While drifting on the road, drivers communicate with each other through indicators, honks and other back and front lights. Often inadequate signals sent and wrongly interpreted end up causing accidents.
General Motors (GM) are reported as the innovators of a portable vehicle to vehicle communication system which is claimed to reduce the road crashes in U.S up to 81 percent and revolutionize the way vehicles, drivers, cyclists and pedestrians.
The technology was to be unveiled this week at Intelligent Transport System (ITS) world congress to be held in Orlando. It relies on Dedicated Short Range Communication Technology (DSRC), an established technology of ITS, to enable communication among vehicles, cyclist, construction sites, and police men within a range of a quarter mile. Wireless in nature, this communication will restrain vehicles from bumping into each other.
The congress will witness a DSRC equipped portable transponder which alerts those driving on the roads about other drivers, police, construction sites and traffic jam expected to be faced by them. As it is fixed into the data stream of the vehicle, the transponders let the other drivers know if some vehicle is in a need of traction control for getting around a slippery curve and can also sense and inform when two vehicles on a blind corner are at the brink of collision.
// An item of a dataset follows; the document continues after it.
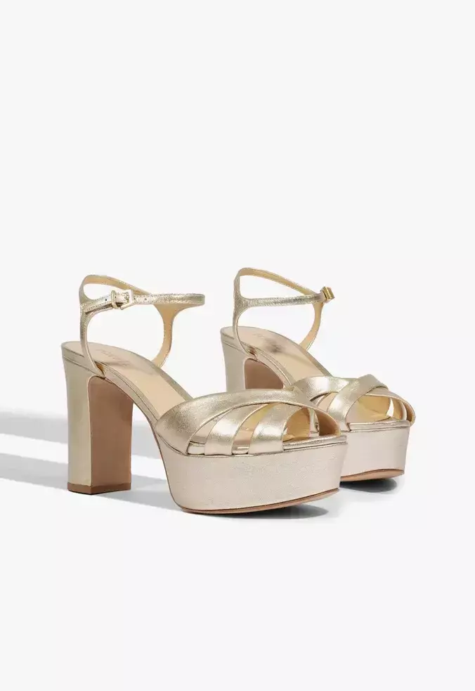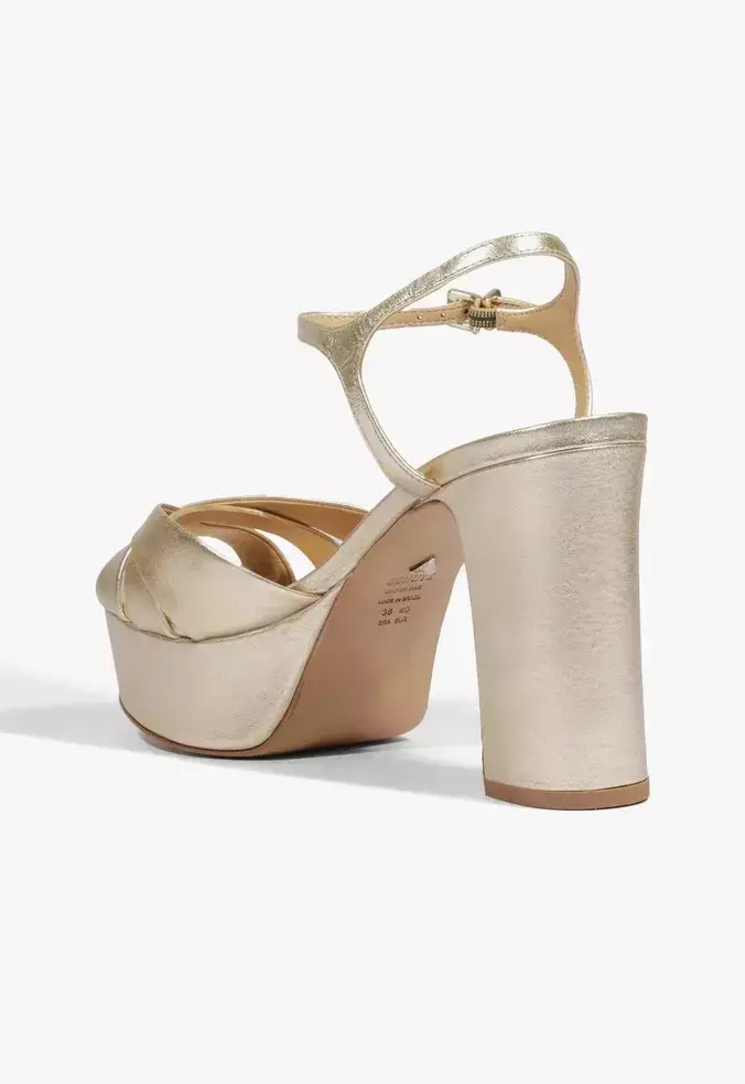 Combinação máxima de conforto, a dupla salto grosso + meia pata se transforma em um item deluxe com o acabamento metalizado - aposta perfeita para aquelas noites em que se quer dançar até o final da festa, mas o melhor é que com ela não vai nem precisar tirar a sandália para ficar confortável!

If featured in a smart phone, the DSRC software can assist the drivers on the road by communicating with the smart phones held by some pedestrians or cyclist. It can alert the driver about kids playing in the street ahead or a cycle on the next turn.
According to one of the researcher for GM’s Perception and Vehicle Control System Group, this technology will enable the drivers to not only view what is in front of them but to know as well, about the traffic and other hindrances expected to show up in the next quarter of a mile to be travelled. He is hopeful that our roadways will get safer in the next decade by bringing smartphones, transponders and embedded systems to work together.
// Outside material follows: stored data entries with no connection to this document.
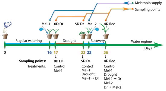 - Katerova, Z.; Todorova, D.; Vaseva, I.I.; Shopova, E.; Petrakova, M.; Iliev, M.; Sergiev, I. Effects of Melatonin Pre- and Post-Drought Treatment on Oxidative Stress Markers and Expression of Proline-Related Transcripts in Young Wheat Plants. Int. J. Mol. Sci. 2024, 25, 12127. [Google Scholar] [CrossRef]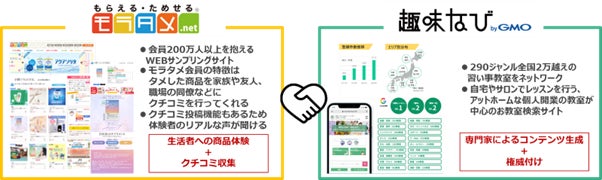 『モラタメ』は、会員ユーザーが新商品を手軽に「もらって試せる」サンプリングサービスとして、多くの生活者とメーカーをつないできました。一方、『趣味なび byGMO』は全国17,600人以上の先生ネットワークを通じて、趣味・習い事などの体験機会を提供するプラットフォームとして成長しています。 今回の協業により、商品を教室の先生に使ってもらうことで、より専門性の高い体験型サンプリングが実現し、高い商品理解を踏まえたユーザーへの発信を行うことが可能になります。
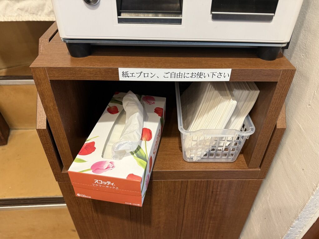 厨房に店長さんと助手さんの2オペ体制。紙エプロン、箱テッシュは券売機下の棚にあります。
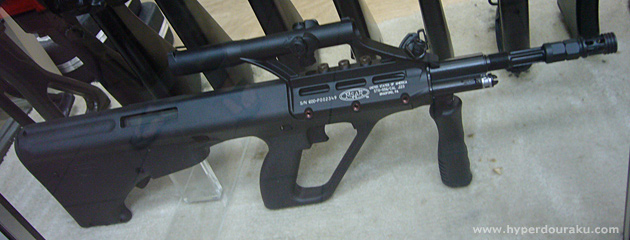 まずはMSAR STG-556という、ステアーAUGタイプのライフル。.223を使用する。
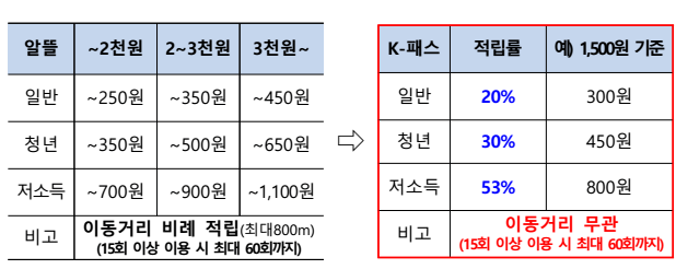 K패스 교통카드 개선점 기존의 알뜰 교통카드의 경우 도보ㆍ자전거 등 이동거리에 비례하여 마일리지가 환급되어 출발과 도착 기록이 필요합니다. 알뜰 교통카드 앱에서 출발과 도착 버튼을 눌러 기록을 해야 되는 반면, 개선되는 K패스 교통카드는 이동거리 관계없이 지출금액의 일정 비율 환급되어 출도착 기록을 하지 않아도 됩니다.

ITS technology has already been deployed in the vehicles manufactured in Asia. Nissan, hailing from japan, have CARWINGS deployed cars to alert the drivers about troublesome spots on icy mountains.
Also in Europe, Volvo and other manufacturers have utilized ITS technologies in developing “road trains”: a long chain of vehicles, moving in a tandem fashion while driven by a leading driver.
The best part about this under development technology is that the existing vehicles can benefit from it directly as it can be fitted into them in a manner similar to that of after marketed GSM. Since the technology is dependent on a critical number of participating vehicles, thus the vehicles purchased already won’t be left behind the newer ones.